I know, many will say that Monday is their least favorite day of the week. But Mondays also represent fresh starts, new opportunities, new doors. It is a chance to be a better version of ourselves. It symbolizes starts and starts, I have learned, can be the most difficult part of a journey. On another note, Mondays also give me chances to share books that are part of my (perpetually) growing reading list. Thankfully, I am still nearly done with my 2021 Wrap Up posts but I still have several backlogs. Still, it is no excuse to skip a Goodreads Monday update. For the past few weeks, I have been featuring 2022 books that I have recently added to my reading list. For this week’s update, I am featuring Jabari Asim’s Yonder.

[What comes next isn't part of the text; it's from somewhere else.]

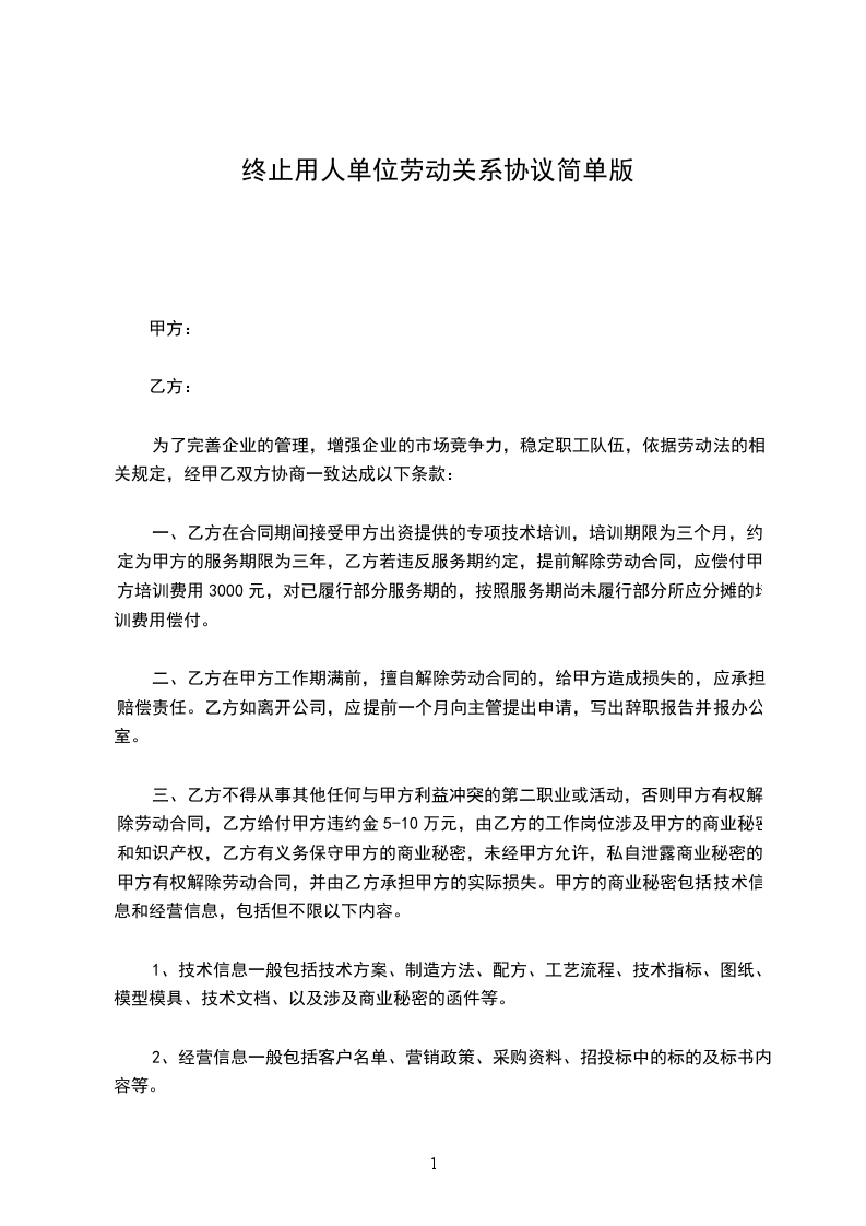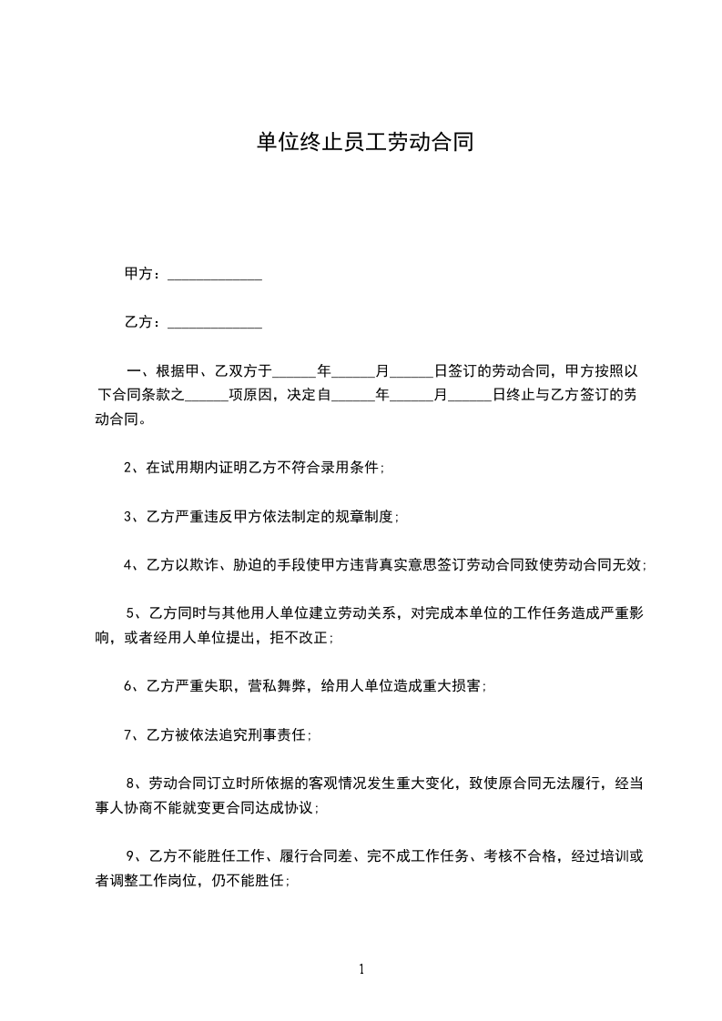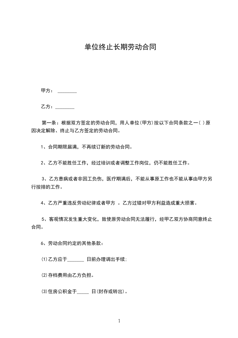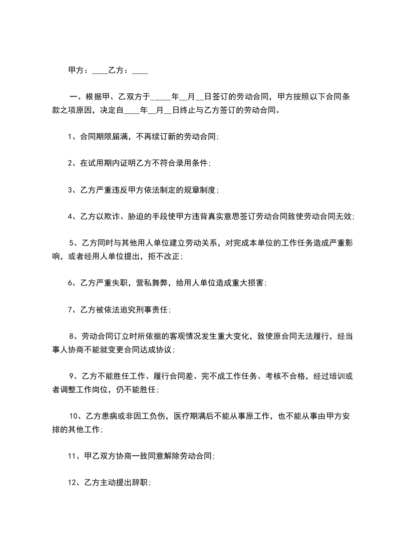 1、双方同意,自劳动合同届满日______年____月____日起,甲方终止与乙方签订的劳动合同,双方之间基于劳动关系的权利和义务随之终止。

I have never heard of Jabari Asim prior to 2022. A quick Google search yielded a prolific career, with works ranging from nonfiction to poetry to short stories to children’s stories to adult novels. He has quite the resume and I am surprised that it was only this year that I have heard of him. I guess because his debut novel, Only the Strong was published in 2015. His latest work, Yonder, was only his second novel. I have to thank HappymessHappiness for introducing me to Asim and his latest work. Even though I have not read any of his works before, I am always up for a new reading adventure. Reading the synopsis further piqued my interest in the book. It is a work depicting the antebellum south. While I have read a couple of literary works dealing with this dark era, I don’t profess to be an expert on the subject. This makes me look forward to reading books like Yonder for they broaden my understanding of this era and how it has altered the landscape of history.
Recently released this January 2022, I am crossing my fingers that I will get to obtain a copy of the book without much trouble. How about you fellow reader? What 2022 books are you looking forward to? I hope you could share it in the comment box. For now, happy Monday, and as always, happy reading!